A single oblique sagittal view was used to assess the largest diameter of the interventricular septum and to grade the aspect of the interventricular septum as normal or sigmoid. In this patient, accurate positioning of the percutaneous aortic valve may be hampered by the small diameter of the left ventricular outflow tract (indicated by the double arrow). Therefore, multislice computed tomography can provide valuable information on the aspect of the left ventricular outflow tract and the septum prior to percutaneous valve procedures. Also, note the post-stenotic dilatation of the ascending aorta, indicated by the dotted arrow in this patient.

 
Echocardiography.   Two-dimensional echocardiograms were obtained with patients in the left lateral decubitus position using a commercially available system (Vingmed Vivid 7, General Electric-Vingmed, Milwaukee, Wisconsin). Images were obtained using a 3.5-MHz transducer at a depth of 16 cm in the parasternal (long- and short-axis) and apical (2- and 4-chamber) views. Standard 2-dimensional images and color Doppler data were digitally stored in cine-loop format. Left ventricular ejection fraction was calculated from apical 2- and 4-chamber images using the biplane Simpson's rule (9). The diameter of the aortic annulus was assessed from the parasternal long-axis view. Aortic stenosis was graded according to the American College of Cardiology/American Heart Association guidelines (2): 1) mild—area >1.5 cm2, mean gradient <25 mm Hg, or jet velocity <3.0 m/s; 2) moderate—area 1.0 to 1.5 cm2, mean gradient 25 to 40 mm Hg, or jet velocity 3.0 to 4.0 m/s; and 3) severe—area <1.0 cm2, mean gradient >40 mm Hg, or jet velocity >4.0 m/s. To detect differences in anatomical variables between patients with and without AS, the study population was divided into 2 groups: patients with no or mild AS (n = 150) and patients with moderate to severe AS (n = 19).

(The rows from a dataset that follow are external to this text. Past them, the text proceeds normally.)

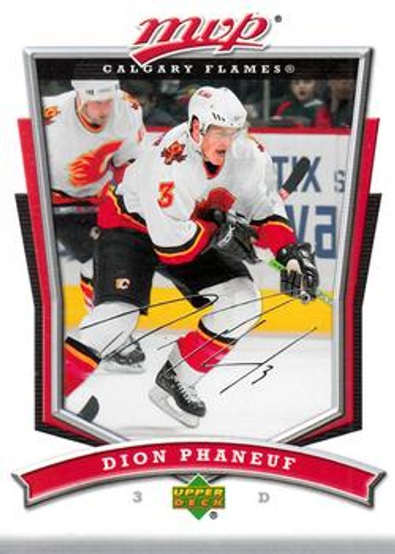 The Dion Phaneuf 2007 Upper Deck MVP #116 Base card is 1 of 3 Dion Phaneuf's card variations in the 2007 Upper Deck MVP set being tracked by Sports Card Investor, including Gold Scripts /100, and Super Scripts /25.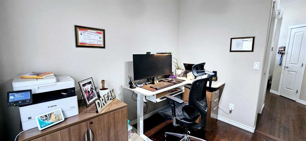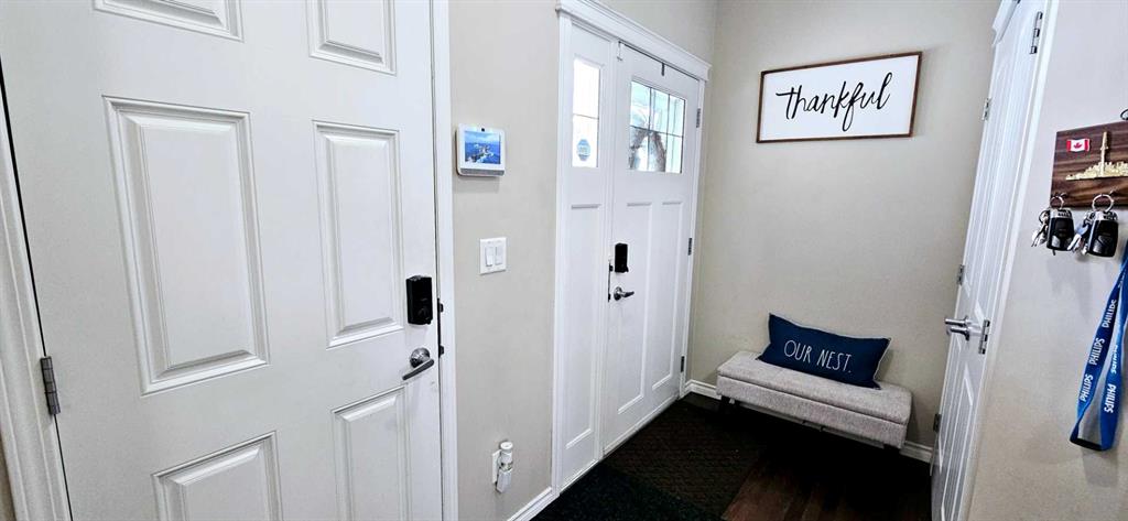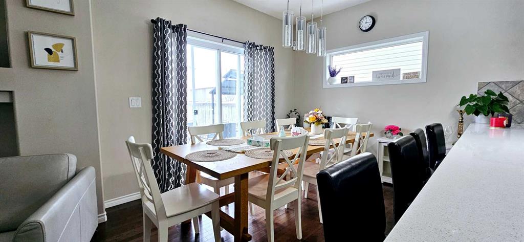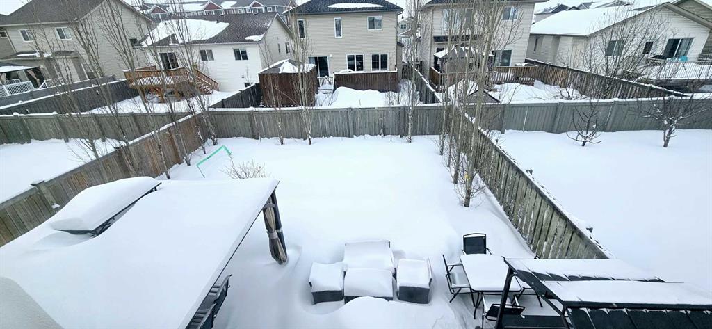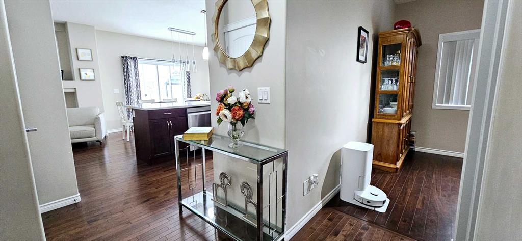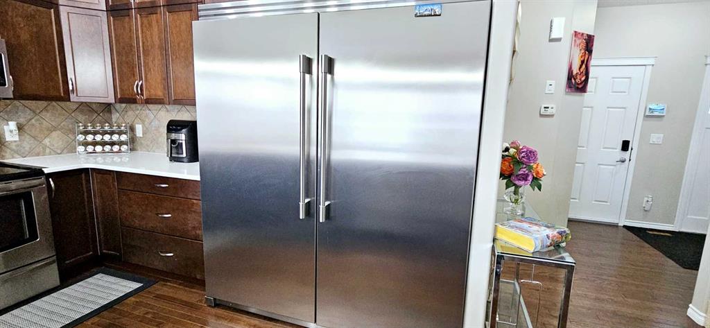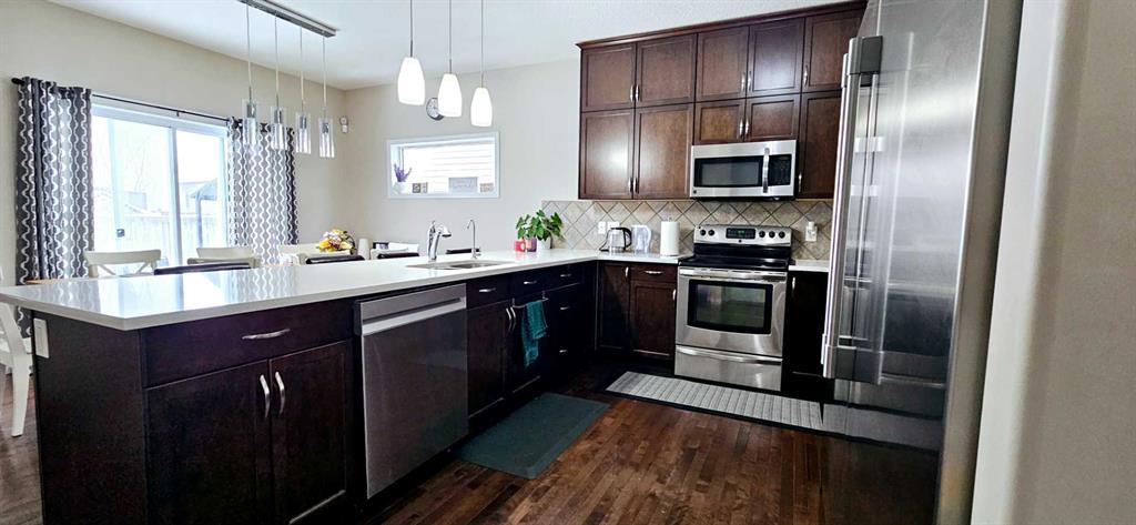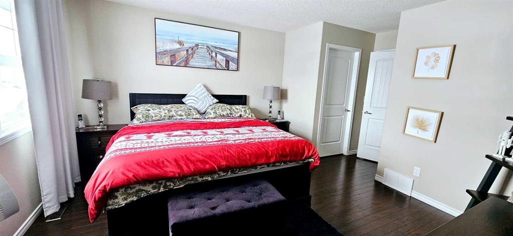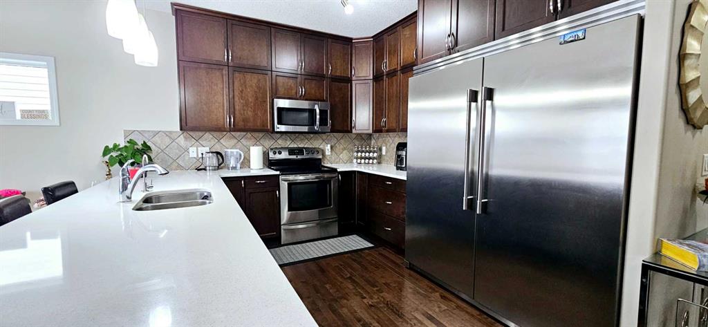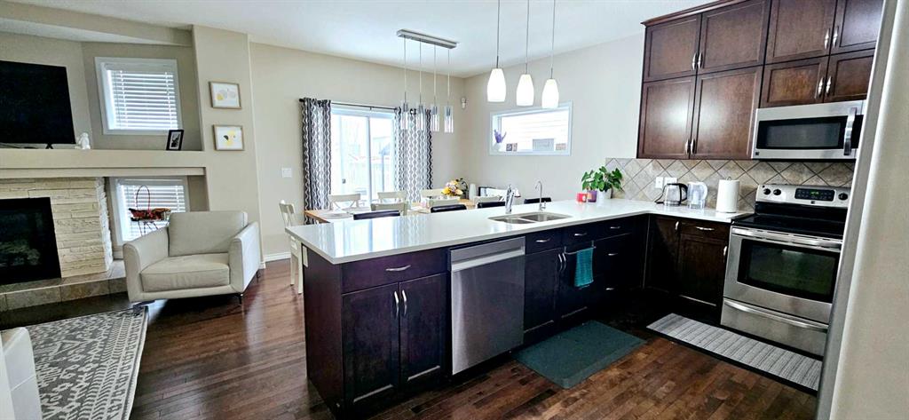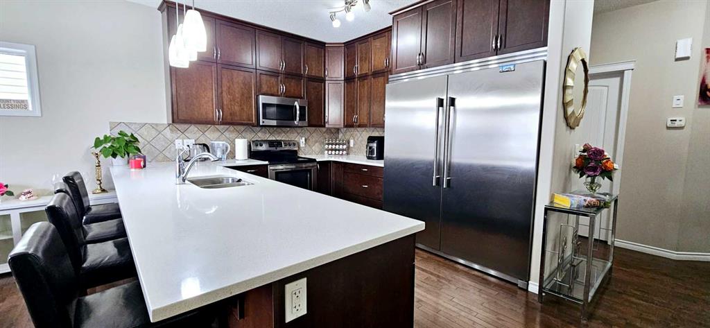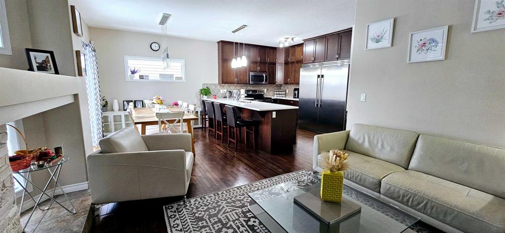 GORGEOUS Fully developed, air-conditioned two-story home in Riverstone, perfectly located close to schools and playgrounds. The amazing kitchen is truly the heart of the home, featuring a GIANT double door fridge/freezer combo, quartz countertops, extensive prep space, and cabinetry that extends all the way to the ceiling for both style and storage. The main floor showcases hardwood throughout, large windows that flood the space with natural light, a cozy gas fireplace, a dedicated office, and a convenient two-piece bathroom. Upstairs offers a spacious primary bedroom complete with a three-piece ensuite and walk-in closet. You’ll also find two additional bedrooms, a full bathroom, and an amazing Bonus family room, perfect for relaxing or family movie nights. The fully finished basement adds even more living space with a rec room, an additional bedroom, full bathroom, laundry room, and plenty of storage. Outside, the west facing yard is beautifully finished and move-in ready, featuring a massive deck, mature trees and is fully fenced This home truly checks every box. Contact your favorite Realtor and take a tour!!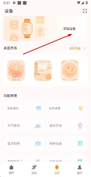 在首页点击底部设备,进入设备页面。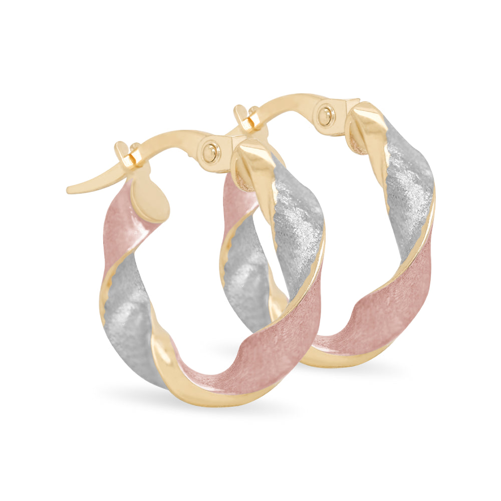 Hermosas Arracadas Torcidas, oro florentino acabado satinado, con un diseño elegante, simple y moderno que garantiza estilo y comodidad al usarlos, con broche estilo italiano.
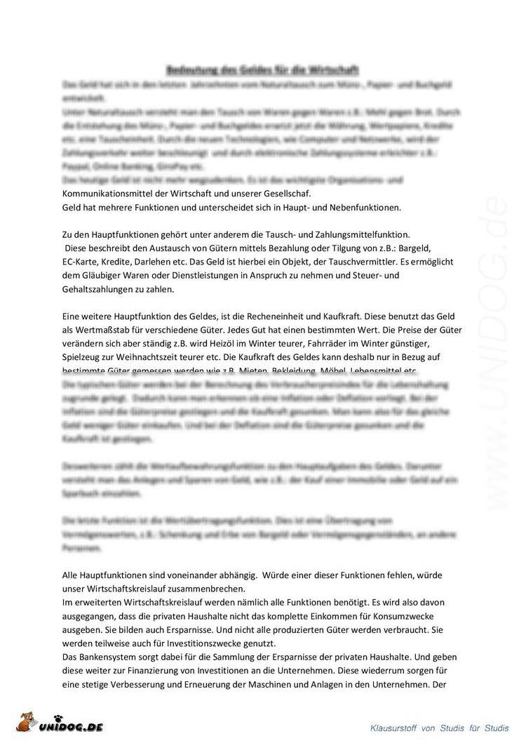 Abstract: Bedeutung des Geldes für die Wirtschaft |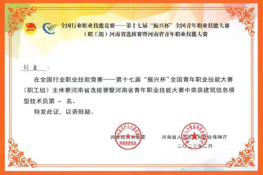 近日,公司華中分公司青年職工劉臣,在全國行業(yè)職業(yè)技能競賽——第十七屆振興杯全國青年職業(yè)技能大賽(職工組)主體賽河南省選拔賽暨河南省青年職業(yè)技能大賽中榮獲建筑信息模型技術員一等獎。
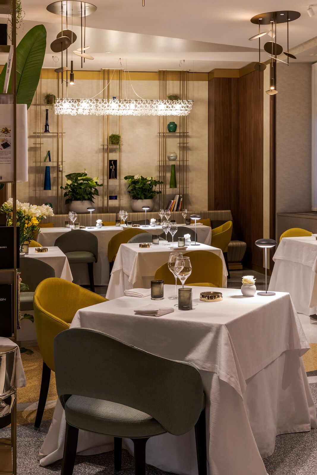 A cena il ristorante stellato propone due menu degustazione, Tradizione e Innovazione e Menu Creativo, e la possibilità di selezionare piatti alla carta. Ad affiancare lo chef troviamo l'Executive Chef Giacomo Lovato, la Sous Chef Alice Locatelli, il Pastry Chef Jung Suyoung e gli chef de partie Samuele Corti, Emmanuel Sant’Elia e Nazrul Islam, elegantemente citati nel menu del ristorante insieme ai membri del team in sala, Mario Ippoliti, Simone Fossati, Buddika Dinesh, Pamela Pettinari e Dragan Mihai, e al back office Luana De Marco.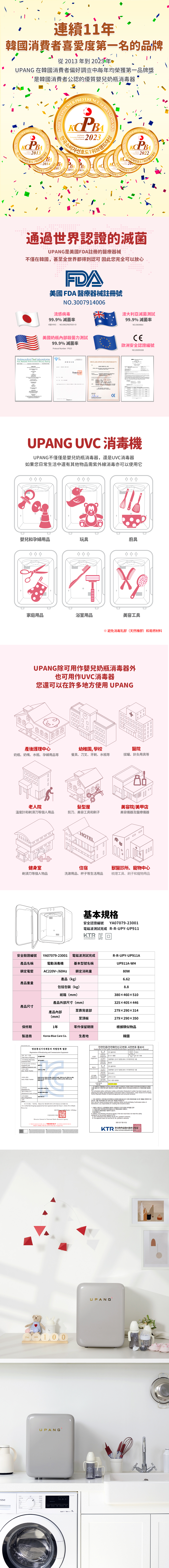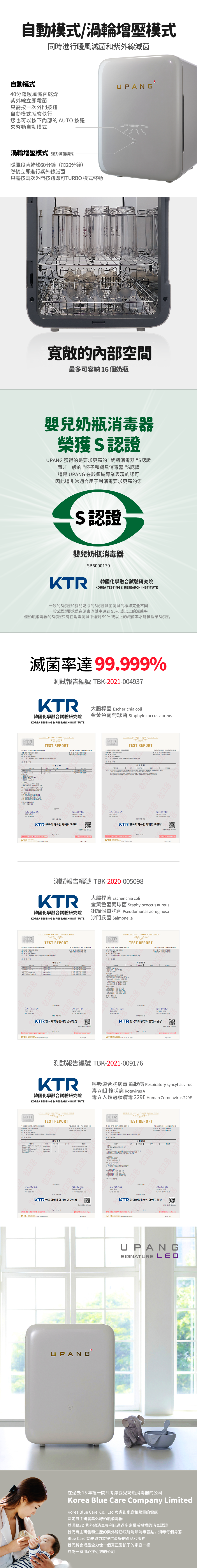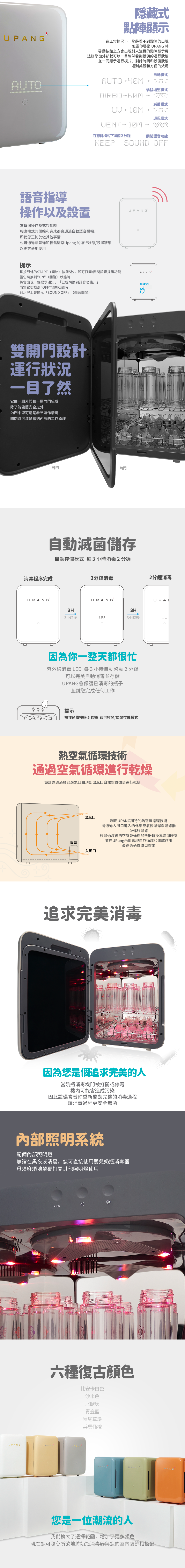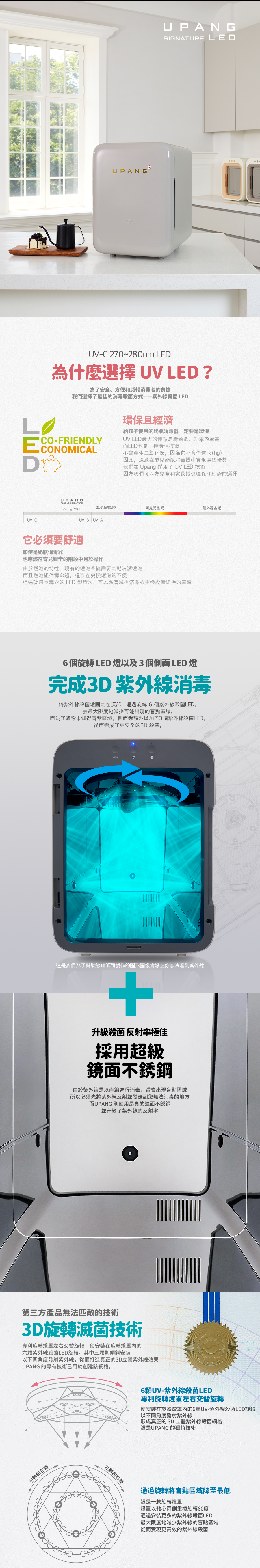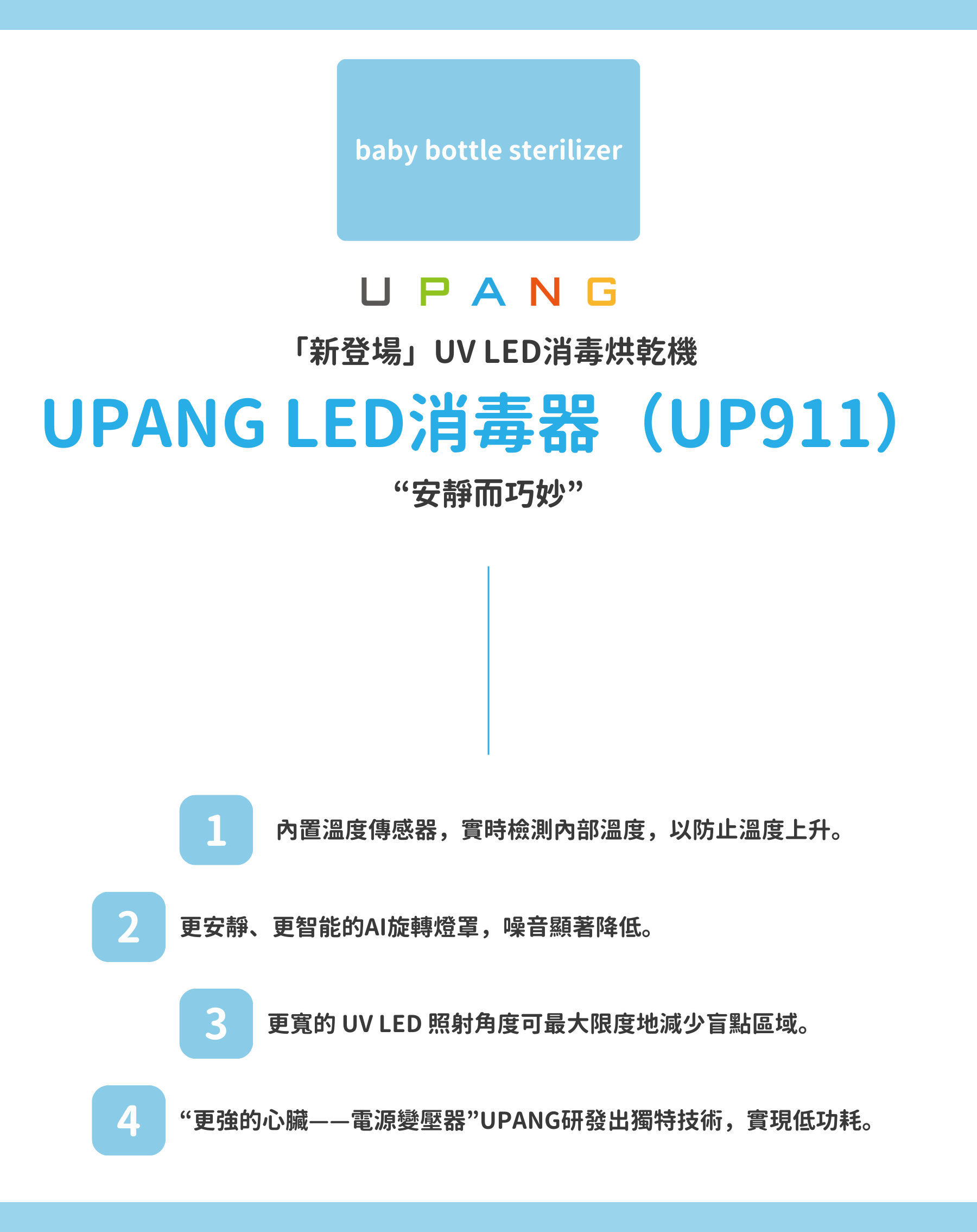 UPANG UP911 LED紫外線嬰兒奶瓶消毒器是一款經過FDA註冊的產品,經過可靠的健康組織測試以驗證其有效性。該消毒器配備了來自德國知名公司的可靠UV-C LED,可以在短短10分鐘內殺滅99.999%的有害細菌。通過旋轉式UV LED,它確保奶瓶的每個角落都得到徹底的消毒。此外,它還擁有隱藏的點陣顯示屏和高品質的超級鏡面不銹鋼,外觀時尚典雅。雙門設計還可以輕鬆監控消毒過程。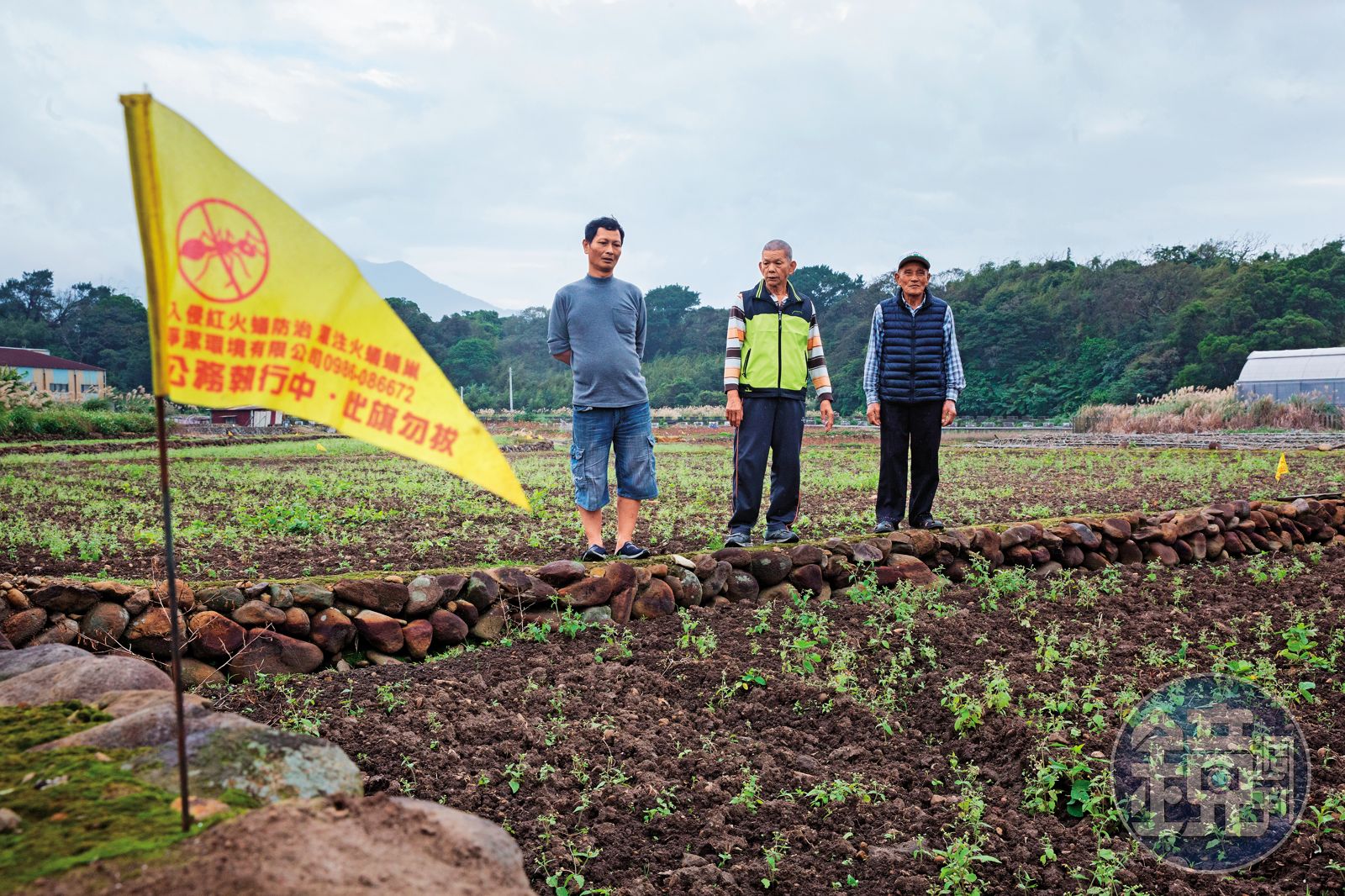 12月5日下午,本刊記者造訪淡水屯山里,適逢休耕季節,農田裡看不見稻穗搖曳,倒是遠遠的就能看見旗海飄搖,每塊農田都插著幾十支黃色小旗,乍看像是慶典或遊戲,但每1支旗子都代表著超毒紅火蟻窩,屯山里更有近百居民遭到攻擊,民眾每天都生活在螞蟻的惡夢中。

Statistical analysis.   All continuous variables had normal distribution (as evaluated by Kolmogorov-Smirnov tests). Summary statistics for these variables are therefore presented as mean values ± 1 standard deviation. Categorical data are summarized as frequencies and percentages. Differences in aortic annulus diameter in the different views were evaluated with paired Student t tests. The agreement between echocardiography and MSCT for the aortic annulus measurement was assessed with Bland-Altman plot analysis. Differences in anatomical variables between patients with and without AS are evaluated using unpaired Student t tests (continuous variables) or chi-square tests (dichotomous variables), as appropriate. All analyses were performed using SPSS software (version 12.0, SPSS Inc., Chicago, Illinois). All statistical tests were 2-sided, and a p value <0.05 was considered significant.


    Results
 Top
 Abstract
 Methods
 Results
 Discussion
 Conclusions
 REFERENCES
 
Study population.   A total of 169 patients were studied. Baseline characteristics of the study population are listed in Table 2. In all patients, adequate images for evaluation of the aortic root were available.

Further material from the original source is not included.